Assignment:
Lines below starting with the line with "Il pantalone in" and going on through the line with "参考资料:I Test Drove" must be output exactly; the rest of the records must be left out.

Available data:
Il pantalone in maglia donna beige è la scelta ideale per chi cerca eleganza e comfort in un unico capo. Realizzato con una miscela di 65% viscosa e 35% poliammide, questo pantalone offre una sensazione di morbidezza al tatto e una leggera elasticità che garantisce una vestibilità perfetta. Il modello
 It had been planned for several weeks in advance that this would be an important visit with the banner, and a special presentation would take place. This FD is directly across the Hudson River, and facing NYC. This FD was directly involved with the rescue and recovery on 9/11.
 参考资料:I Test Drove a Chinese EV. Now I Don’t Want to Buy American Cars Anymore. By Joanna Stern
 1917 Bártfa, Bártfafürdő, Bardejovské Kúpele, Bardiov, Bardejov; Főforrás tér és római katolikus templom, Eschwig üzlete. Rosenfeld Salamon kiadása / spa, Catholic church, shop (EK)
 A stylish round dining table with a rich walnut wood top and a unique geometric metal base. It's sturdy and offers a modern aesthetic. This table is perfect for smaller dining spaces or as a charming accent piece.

==

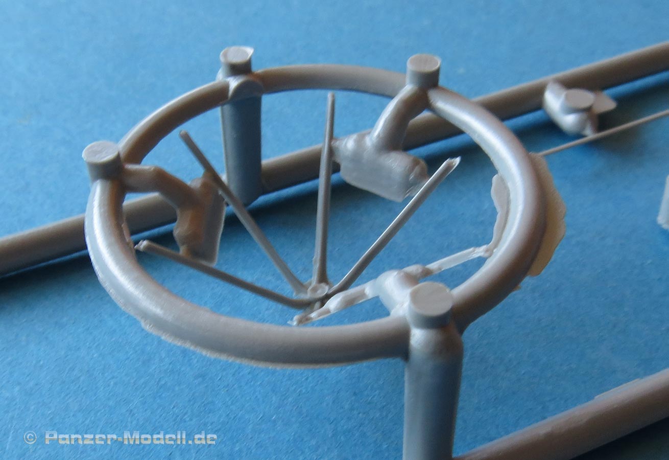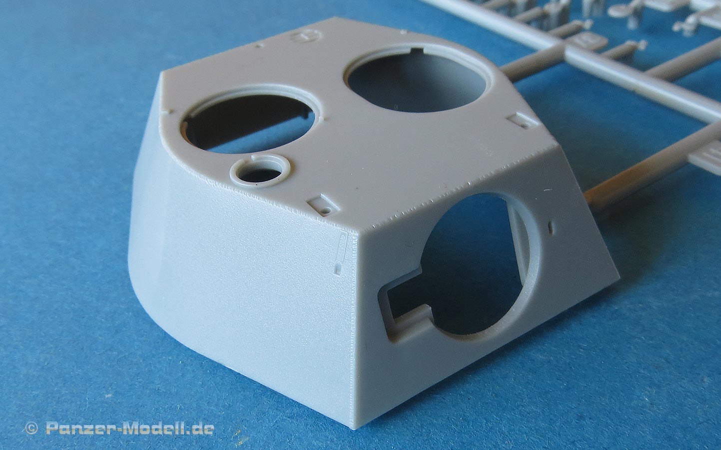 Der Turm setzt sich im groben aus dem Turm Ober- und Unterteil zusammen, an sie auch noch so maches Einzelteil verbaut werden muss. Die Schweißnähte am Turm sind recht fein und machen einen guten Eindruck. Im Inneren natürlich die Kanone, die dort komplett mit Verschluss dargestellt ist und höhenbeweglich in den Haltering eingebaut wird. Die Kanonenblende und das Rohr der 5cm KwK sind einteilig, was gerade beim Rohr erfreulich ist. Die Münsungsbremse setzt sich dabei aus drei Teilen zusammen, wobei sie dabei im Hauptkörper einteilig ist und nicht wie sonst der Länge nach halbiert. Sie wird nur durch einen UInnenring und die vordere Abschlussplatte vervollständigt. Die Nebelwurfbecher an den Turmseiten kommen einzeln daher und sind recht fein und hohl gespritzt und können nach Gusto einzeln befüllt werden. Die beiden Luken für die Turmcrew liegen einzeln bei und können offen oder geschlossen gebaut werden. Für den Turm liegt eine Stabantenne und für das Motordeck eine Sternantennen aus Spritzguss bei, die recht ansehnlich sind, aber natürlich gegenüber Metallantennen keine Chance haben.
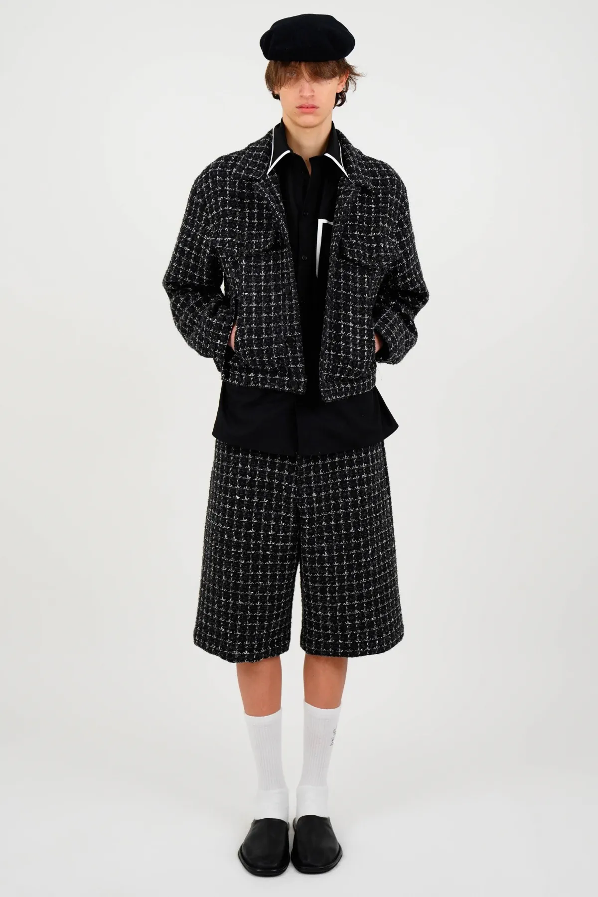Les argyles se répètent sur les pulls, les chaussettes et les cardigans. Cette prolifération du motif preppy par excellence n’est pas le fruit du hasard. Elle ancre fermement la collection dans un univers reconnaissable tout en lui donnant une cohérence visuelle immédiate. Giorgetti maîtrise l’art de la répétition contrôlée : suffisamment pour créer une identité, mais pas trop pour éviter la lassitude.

==

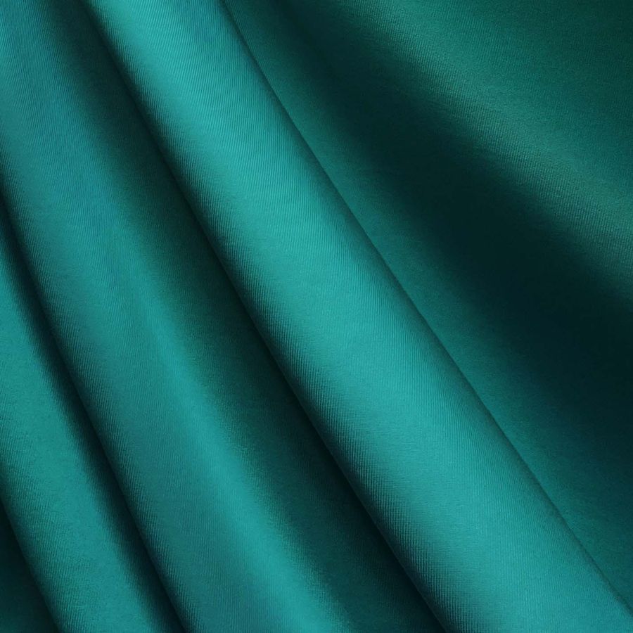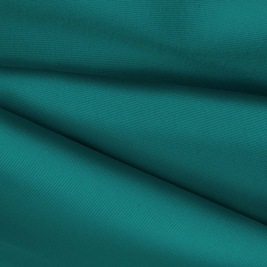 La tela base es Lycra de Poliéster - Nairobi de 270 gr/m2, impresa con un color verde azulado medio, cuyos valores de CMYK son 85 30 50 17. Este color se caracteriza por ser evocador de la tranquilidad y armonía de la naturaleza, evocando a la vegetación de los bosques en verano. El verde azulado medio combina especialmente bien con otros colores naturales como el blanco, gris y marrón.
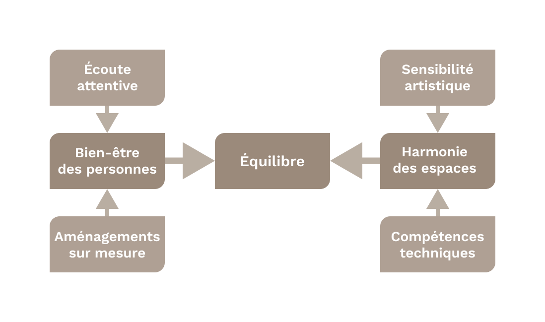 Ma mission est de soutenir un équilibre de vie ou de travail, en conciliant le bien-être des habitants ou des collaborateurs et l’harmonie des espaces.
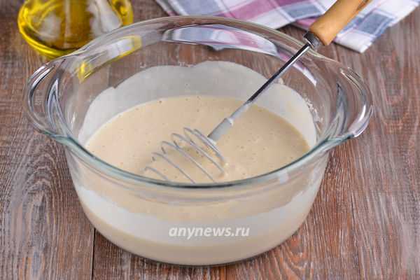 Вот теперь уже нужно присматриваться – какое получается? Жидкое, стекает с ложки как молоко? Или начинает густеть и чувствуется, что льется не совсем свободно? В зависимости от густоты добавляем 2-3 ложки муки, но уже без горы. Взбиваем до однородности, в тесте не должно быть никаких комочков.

Problem solution:
Il pantalone in maglia donna beige è la scelta ideale per chi cerca eleganza e comfort in un unico capo. Realizzato con una miscela di 65% viscosa e 35% poliammide, questo pantalone offre una sensazione di morbidezza al tatto e una leggera elasticità che garantisce una vestibilità perfetta. Il modello
 It had been planned for several weeks in advance that this would be an important visit with the banner, and a special presentation would take place. This FD is directly across the Hudson River, and facing NYC. This FD was directly involved with the rescue and recovery on 9/11.
 参考资料:I Test Drove a Chinese EV. Now I Don’t Want to Buy American Cars Anymore. By Joanna Stern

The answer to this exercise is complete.